German As The Official US Language Myth
An urban legend, sometimes called the Muhlenberg legend after Frederick Muhlenberg, states that English only narrowly defeated German as the U.S. official language. In reality, the proposal involved a requirement that government documents be translated into German. The United States has no statutory official language; English has been used on a de facto basis, owing to its status as the country's predominant language.
In Pennsylvania, which had a large German-American population, German was long allowed as the language of instruction in schools, and state documents were available in German until 1950. As a result of anti-German sentiment during World War I, the fluency decreased from one generation to the next and only a small fraction of Pennsylvanians of German descent are fluent in the German language.
Read more about this topic: German Language In The United States
Famous quotes containing the words german, official, language and/or myth:
“The Germansonce they were called the nation of thinkers: do they still think at all?
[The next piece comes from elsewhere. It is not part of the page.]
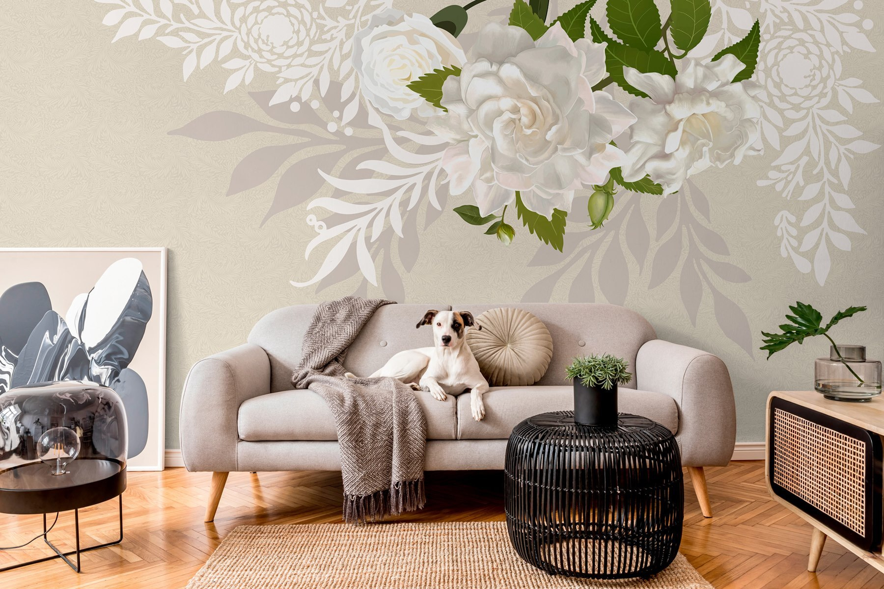 Transformeer je ruimte met een heerlijk vleugje natuur met deze “Fotobehang White Flowers with Green Leaves”. Stel je voor dat je een kamer binnenstapt waar zachte witte bloemen en weelderige groene bladeren je begroeten als een oude vriend. De zachte kleuren dansen op de muur en bieden een rustig toevluchtsoord uit de drukte van de dag. Of je nu een gezellige woonkamer of een serene slaapkamer decoreert, deze muurschildering voegt een vleugje elegantie en warmte toe. Het is alsof je een geheime tuin naar binnen haalt. Bovendien is het een geweldige gespreksstarter – wie wil er nou niet over bloemen praten? Haal een stukje natuur in huis!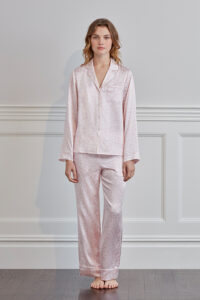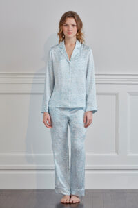 The Gentle Leo Women’s Pajama Set is also adorned with precious mother-of-pearl buttons; its natural luster perfectly compliments the pearlescent sheen of mulberry silk.

Nowadays the Germans are bored with intellect, the Germans distrust intellect, politics devours all seriousness for really intellectual thingsDeutschland, Deutschland Über alles was, I fear, the end of German philosophy.”
—Friedrich Nietzsche (18441900)
“No sane local official who has hung up an empty stocking over the municipal fireplace, is going to shoot Santa Claus just before a hard Christmas.”
—Alfred E. Smith (18731944)
“It is impossible to dissociate language from science or science from language, because every natural science always involves three things: the sequence of phenomena on which the science is based; the abstract concepts which call these phenomena to mind; and the words in which the concepts are expressed. To call forth a concept, a word is needed; to portray a phenomenon, a concept is needed. All three mirror one and the same reality.”
—Antoine Lavoisier (17431794)
“By blood we live, the hot, the cold,
To ravage and redeem the world:
There is no bloodless myth will hold.”